A GoodReads Reader's Choice
Bridget Jones—one of the most beloved characters in modern literature (v.g.)—is back! In Helen Fielding's wildly funny, hotly anticipated new novel, Bridget faces a few rather pressing questions:
What do you do when your girlfriend’s sixtieth birthday party is the same day as your boyfriend’s thirtieth?
Is it better to die of Botox or die of loneliness because you’re so wrinkly?
Is it wrong to lie about your age when online dating?
Is it morally wrong to have a blow-dry when one of your children has head lice?
Is it normal to be too vain to put on your reading glasses when checking your toy boy for head lice?
Does the Dalai Lama actually tweet or is it his assistant?
Is it normal to get fewer followers the more you tweet?
Is technology now the fifth element? Or is that wood?
If you put lip plumper on your hands do you get plump hands?

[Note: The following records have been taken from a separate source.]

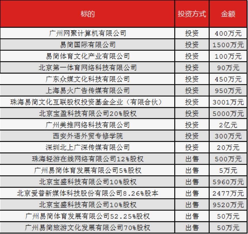值得一提的是,胡衍军选择投资的公司大都与新媒体相关。而易简集团正是通过这样不停地投资和出售资产,获得了可观的净利润。
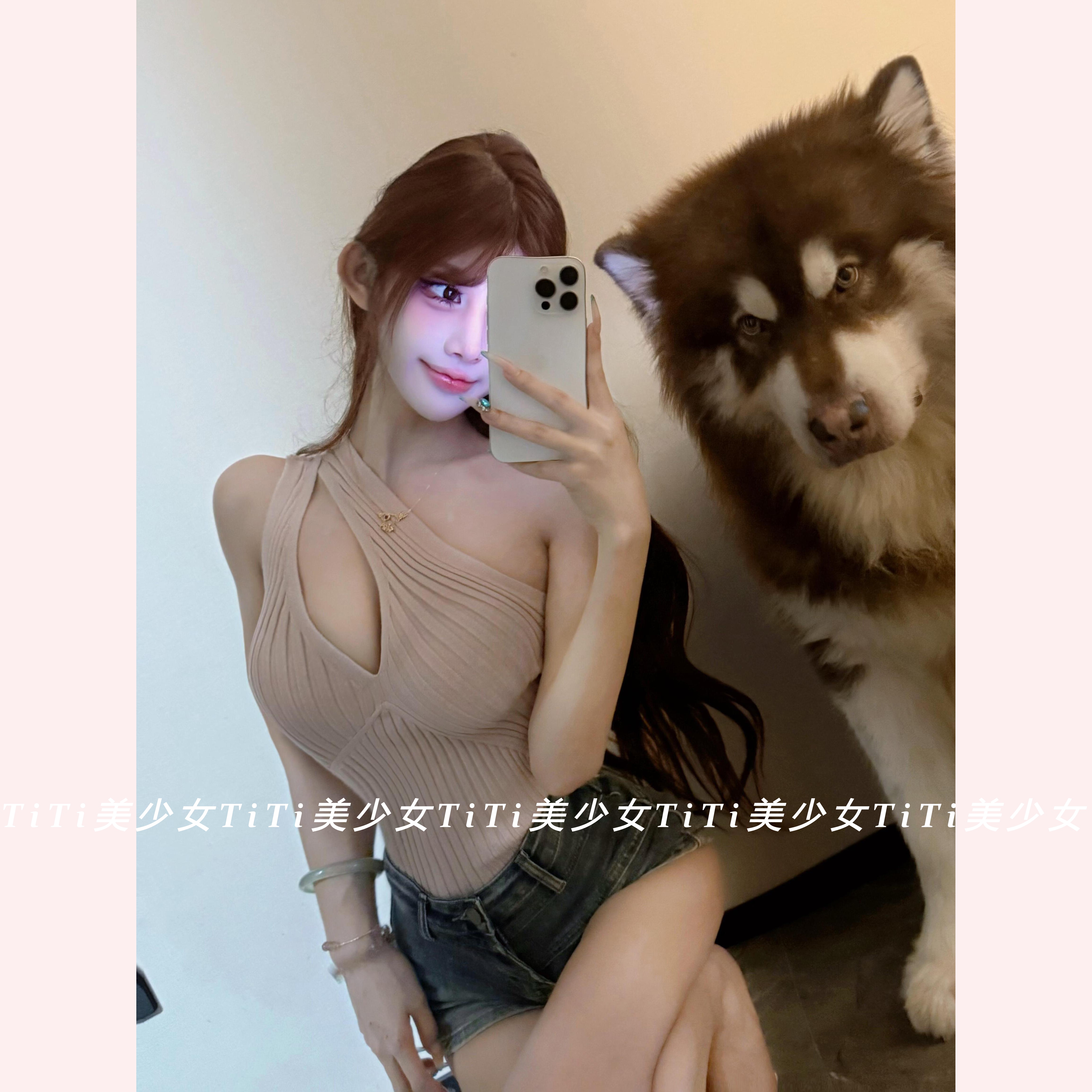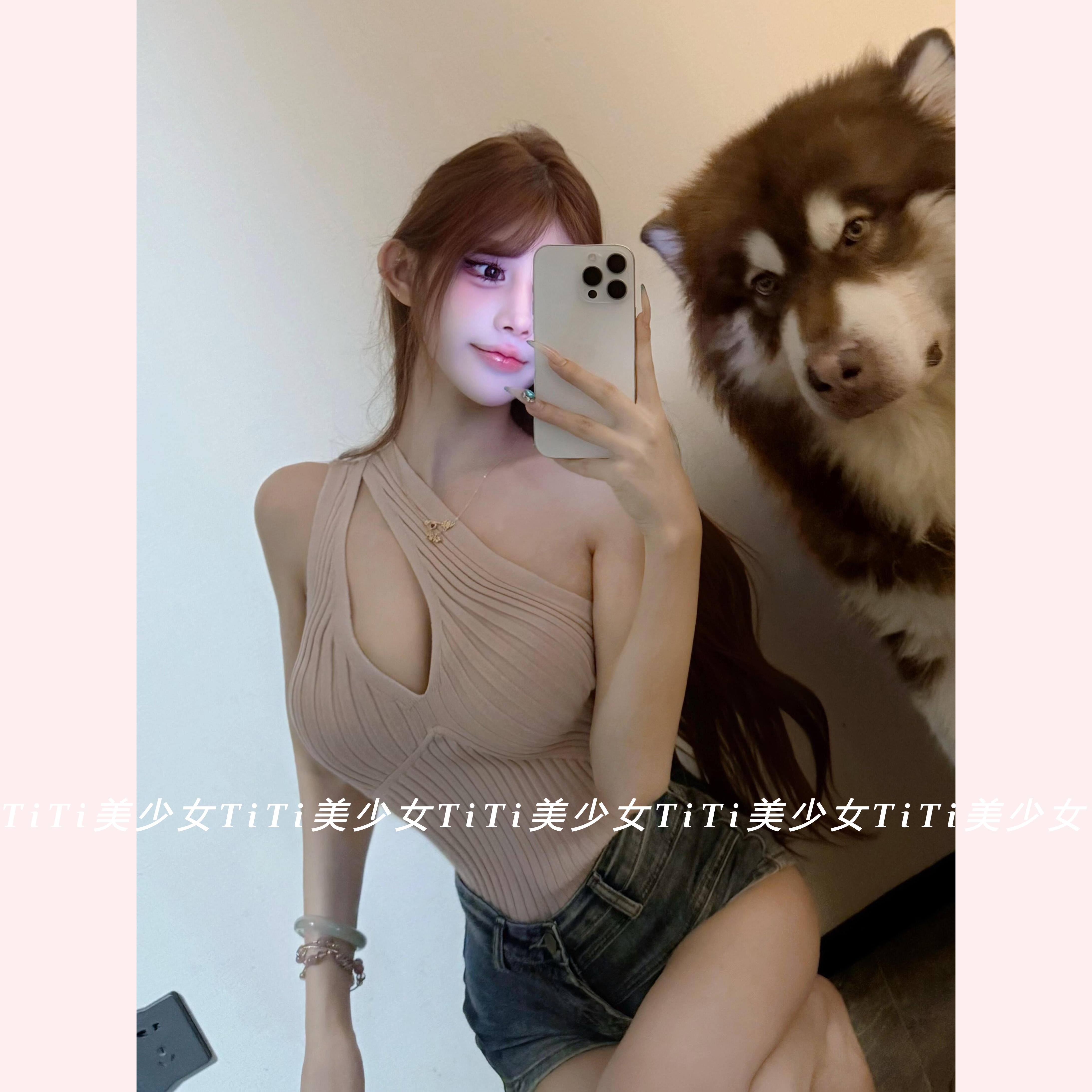 【TiTi美少女】纯欲风粉色斜肩针织吊带背心女夏无袖外穿短款上衣
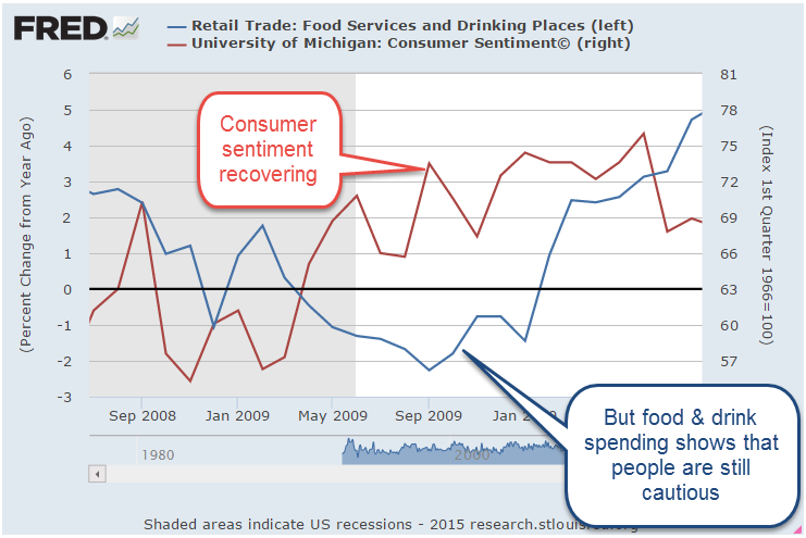 As the economy recovers from a recession, the gap reverses and turns positive; i.e. expectations are higher than current conditions. A person may be out of a job but some of their friends are finding work, so they expect to soon find work. The gap turned positive in 1990 after that recession, again in 2002 and in 2009.
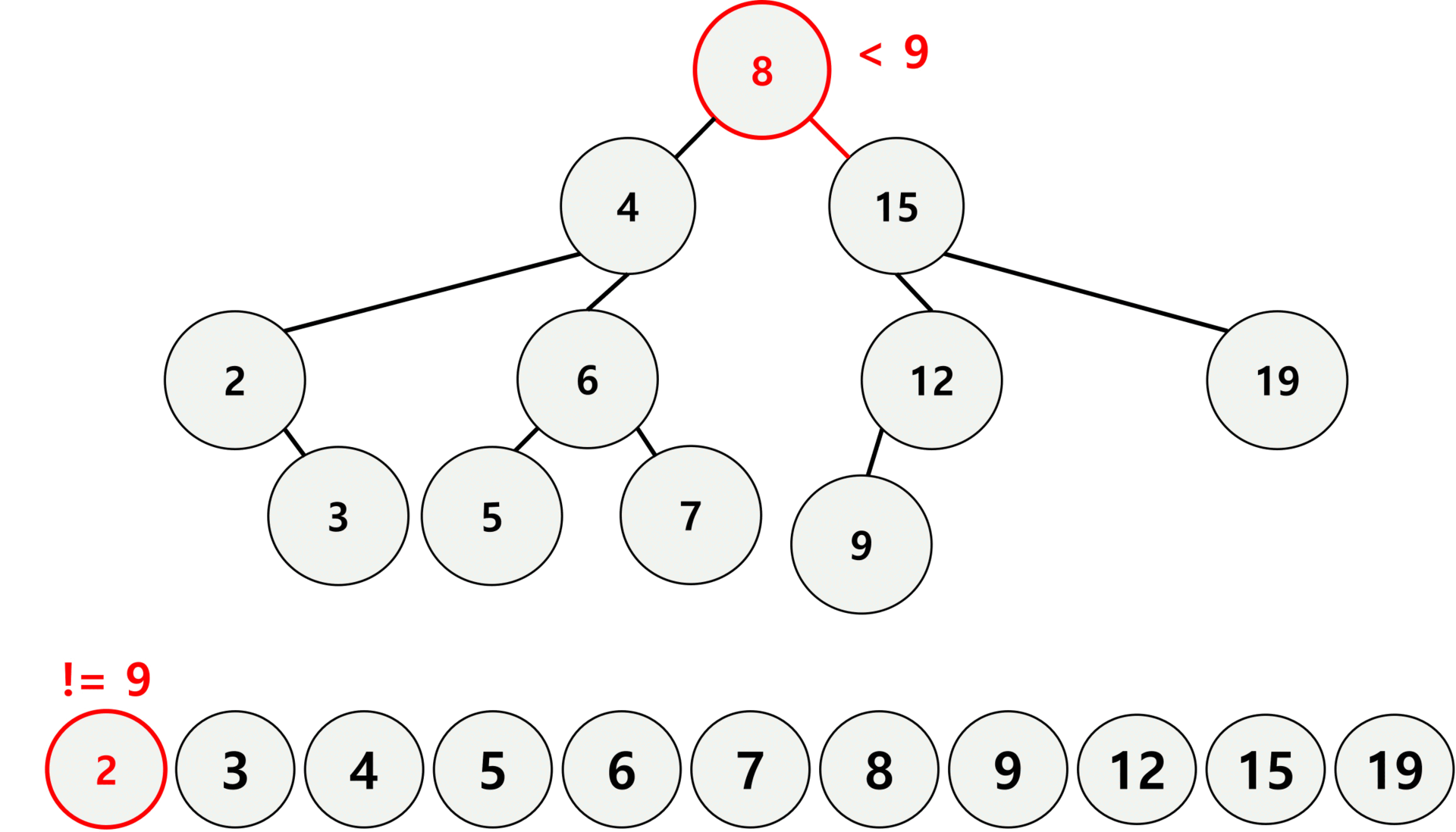 위 gif는 이진 탐색 트리와 일반 리스트에서 9를 찾는 과정이다.

Is sleeping with someone after two dates and six weeks of texting the same as getting married after two meetings and six months of letter writing in Jane Austen’s day?
Pondering these and other modern dilemmas, Bridget Jones stumbles through the challenges of loss, single motherhood, tweeting, texting, technology, and rediscovering her sexuality in—Warning! Bad, outdated phrase approaching!—middle age.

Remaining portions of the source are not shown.